PROBLEM REQUIREMENTS:
Some entries follow. Reproduce exactly the lines starting at the one with "2、进入后,设置双卡切换模式下的呼叫次数频率" and stopping after the one with "omáčka, majonéza, sezam".

THE DATA:
^^^^

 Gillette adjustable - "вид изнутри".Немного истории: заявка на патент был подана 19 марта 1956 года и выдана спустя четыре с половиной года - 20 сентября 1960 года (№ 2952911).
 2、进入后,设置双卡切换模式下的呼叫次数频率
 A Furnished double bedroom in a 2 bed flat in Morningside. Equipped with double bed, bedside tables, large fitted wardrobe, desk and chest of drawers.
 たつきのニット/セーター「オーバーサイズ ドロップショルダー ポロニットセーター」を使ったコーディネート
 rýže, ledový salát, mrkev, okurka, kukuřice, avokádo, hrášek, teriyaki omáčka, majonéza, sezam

^^^^

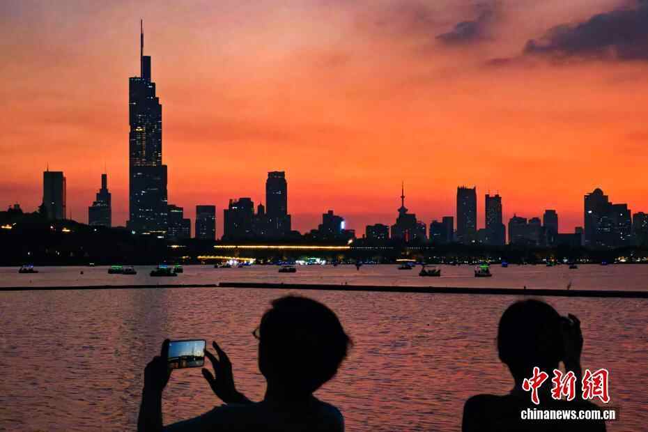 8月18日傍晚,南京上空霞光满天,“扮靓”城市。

^^^^

SOLUTION FOR THIS PROBLEM:
 2、进入后,设置双卡切换模式下的呼叫次数频率
 A Furnished double bedroom in a 2 bed flat in Morningside. Equipped with double bed, bedside tables, large fitted wardrobe, desk and chest of drawers.
 たつきのニット/セーター「オーバーサイズ ドロップショルダー ポロニットセーター」を使ったコーディネート
 rýže, ledový salát, mrkev, okurka, kukuřice, avokádo, hrášek, teriyaki omáčka, majonéza, sezam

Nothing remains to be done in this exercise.